Wherein is written an account of the far flung journeys of Chris & Hayley,
on their way home from Japan via China, Mongolia, Russia and Europe.

Put the kettle on.

The time in Japan..........China.............Mongolia.............Russia..................UK

Monday, December 31, 2007

Lets not forget the people...

Yay! Santa gave me a brand new Digital SLR for Christmas and oooh how fun it is. I can't wait to snap away on our travels. But in the mean time I need to learn how to use it. This past week I have been playing with my new toy, and the zoom lens I bought with it which is lovely and simple, so I've been doing what any voyeur would do - zooming mega close to people's faces, or more likely, the backs of their heads...

here are some results...




eye eye...



Saturday, December 29, 2007

On completely changing ones' life

Ours is an ordered, simple existence. Japan resembles a colossal theme park. That sense of there being a huge, invisible object of authority, affecting the actions of our neighbours has been taken for granted, and stepping outside, into the dark, chaotic realms of gaikoku probably means that people won't be on their best behaviour to keep face within the group, and our chances of getting robbed by a desperately hungry person are doubled because of a) the size and b) the standard of living held by our next host nation.

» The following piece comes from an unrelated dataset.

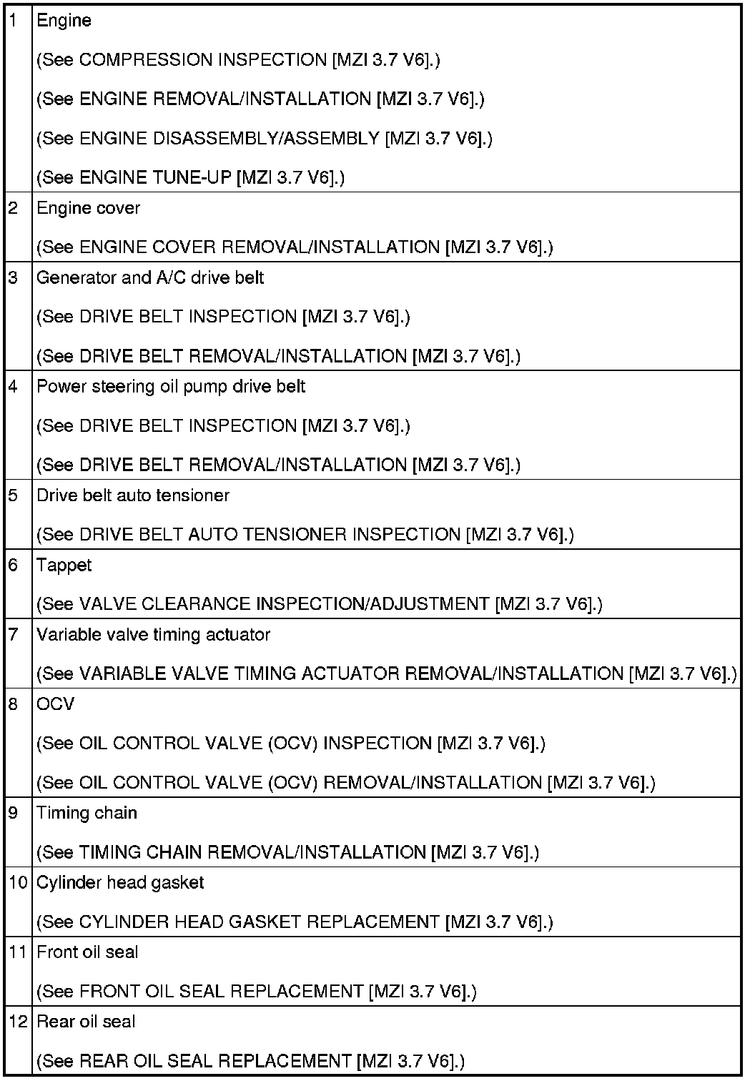 ENGINE LOCATION INDEX [MZI 3.7 V6]

But surely, such national stereotyping is one of the things I find myself loathing about Japan? Could it be that I've found myself adapting in areas I've never even tried to alter? In which case, what is even more terrifying isn't the two months we spend rootless, crossing the biggest continet in the world, rather it is what we come back to, the lifestyle and attitudes we may have forgotten.

In many ways, returning to the UK is even more uncertain than going out to Japan was.

Monday, December 3, 2007

I love travelling on the trains to work. After the rampacked journey from Kawasaki to Shinagawa (Tokyo) every morning, I now have the luxurious journey on the oh so quiet Keikyu Line, from a local station called Hatchonowate, to another out of the way, local station called Kaminagaya, past Yokohama.

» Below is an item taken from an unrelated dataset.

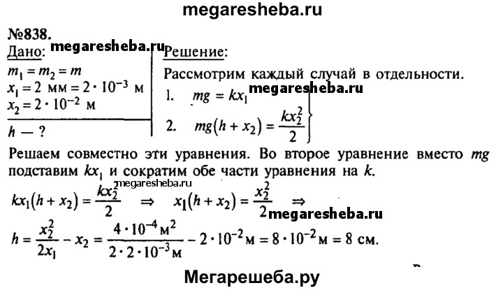 Подробный решебник (ГДЗ) по Физике за 7‐9 (седьмой‐девятый) класс сборник задач - готовый ответ номер - 838. Авторы учебника: Лукашик, Иванова. Издательство: Просвещение 2016.

Below are three of several videos I have taken out of the window of the train, on my journey home...

From Yokohama Station

Monday, November 26, 2007

I walked this street (Kyomachi Dori) to the station nearly every morning the past week gone, as Chris had borrowed my bike. It gave me the oportunity to take these and think about walking more often.


Kyomachi Dori, Nr Tsutaya

Kyomachi Dori


Sunday, November 25, 2007

View towards Kawasaki Centre and Main Station

I have always looked for different ways... different ways to work, different ways home, a different way to the local shop. Recently I found this way into town, which avoids walking through the throngs of crowds at Kawasaki Station.

A more calming way, but most of all a visually overpowering route that is so exciting. With the millions of lines, made up of tracks and power cables and looming tower blocks, cutting roads, fences and road markings, the city opens up with it's mouth wide open swallowing the trains as they speed or chug by. Each time I take this route I half expect people on mini space/hover crafts to zoom out from that mouth, following each path, road, track and cables, in all directions. That would be great, just like the films Fifth Element or the obvious comparison, Blade runner (a comparison of Japan, 'done to death' says Chris).

It excites me to think I can still find new ways of seeing this place, our 'home', and also saddens me too, that we'll be leaving here without seeing all possible routes and views. I've seen Mt Fuji a few times this week, such a tease I love it, peeking out from behind some buildings on my way to work, another view I really want to put in my pocket and take away with me.

We have exactly eighteen weeks to go until we leave this house, our home for the past 3 years for Chris and 2.7 years for me. Kawasaki, our city, our shitty city, but still our base. Tokyo, which used to be my hide away, Chris' neighbour, now our neighbour. It seems more and more essential everyday, to take those different routes to work, home, and into town, but also to capture those same everyday routes to work, home, and town. The shopping street, our alleyway, our neighbour's garden, each and every bus stop into town with it's quirky seating, the sky line of every view, the progress of each building site, each angle, and each corner of everything that we are going to leave behind.

Enough talking I'll get snapping then!